For his parents, Christina and Matthew Might, finding out what was wrong with their son was a long and frustrating journey.
“It was like walking around in the dark for the past seven years,” she said. “You’re on an island, completely alone. I wouldn’t wish it on anybody.”
Now, 23 other cases of Bertrand’s disease have been identified worldwide.
The boy's diagnosis was tough enough, but finding treatments was an even bigger challenge and an extremely expensive one for the Might family. Christina Might said, “now we know there are certain drug targets that potentially might help our son, but imagine if we had gotten that information two years sooner. What an impact that would have had on his development.”
For the Mights and families like them, welcome to the future.
A University of Utah startup company called Recursion aims to have an impact on orphan diseases in a very different way. In a 10-foot-by14-foot room and some adjoining labs the company rents, the view is not unlike the early Silicon Valley garages. But like those cramped quarters, small things eventually grow into bigger things.
Recursion uses existing technology to model rare diseases in cells, then uses computer screening of existing drugs and compounds already in use for more common diseases to see if they might work for specific orphan diseases. Instead of developing expensive bio-chemical screens and assays that take years, this new Utah startup company does it rapidly and for less money.

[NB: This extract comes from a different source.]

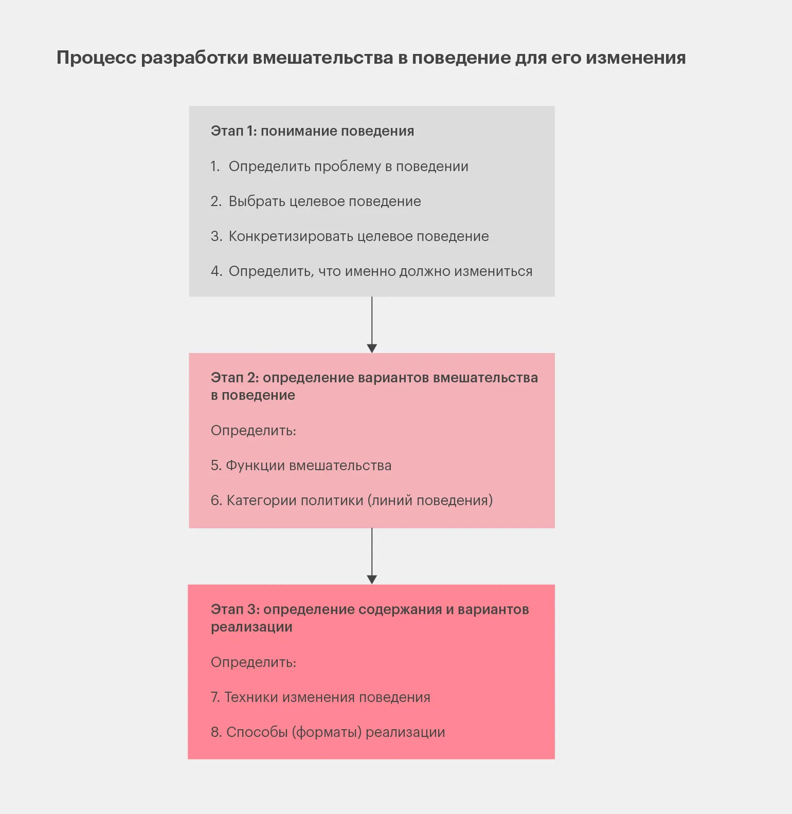 На третьем этапе необходимо определить содержание и методы реализации выбранных вмешательств. Схематично различные виды вмешательств представлены в таксономии, известной как колесо изменения поведения. В данной статье акцент будет сделан на первом этапе — анализе поведения, где применяется модель COM-B. Именно от этого анализа зависят последующие этапы разработки эффективных вмешательств.

For the Mights, it’s an open door that families with rare diseases have never had before.
“These big pharmaceutical companies could be sitting on cures already, it’s just that they don’t know it. We don’t know it. But through a company like Recursion, we can find out which of the compounds they have could act like cures for many rare diseases,” Matthew Might said.
CEO Christopher Gibson foresees Recursion forming potential partnerships with the big boys.
“Instead of studying one disease, we’re studying hundreds simultaneously,” he said. “If you can extract some of the essential changes in human cells that describe a particular disease, it’s a fantastic model to use in trying to discover drugs that could treat that disease.”
Through sophisticated custom-designed technology, Recursion’s computerized process is ingeniously simplistic. Researchers take measurements and pictures of lots of different normal cells — introduce a rare disease until the cell becomes abnormal — then test drugs and compounds until the cell heals and returns to normal.
For families like the Mights, “if you could find a drug that may make my son’s cells start to look normal — that could be the therapy. That could be it,” Matthew said.
There are eight researchers currently on Recursion’s team, plus advisers, including University of Utah Health Sciences' Dean Li. It was Li’s lab where Gibson and colleagues first started kicking around ideas for a spinoff company. “I think the pressure on the pharmaceutical companies is intense. They know there’s a need to streamline and outsource,” Li said.
The Recursion team members have diverse backgrounds and expertise, all united, they say, in wanting to do something meaningful — to profoundly affect families with rare diseases. Gibson said, “we’re going to leverage all of the work that the biggest pharmaceutical companies in the world have been doing for the past 30 years and help them find ways to get those drugs across and into the end zone.”
It's an end zone that’s been too long ignored, but is now the future within a new arena called precision medicine.
Recursion’s goal is to trigger the development of 100 new orphan drugs within the next 10 years. The company has applied for a $1.4 million grant from the National Institutes of Health. If the team gets it, that funding would boost the screening to hundreds of more drugs for the treatment of 2,000 rare diseases.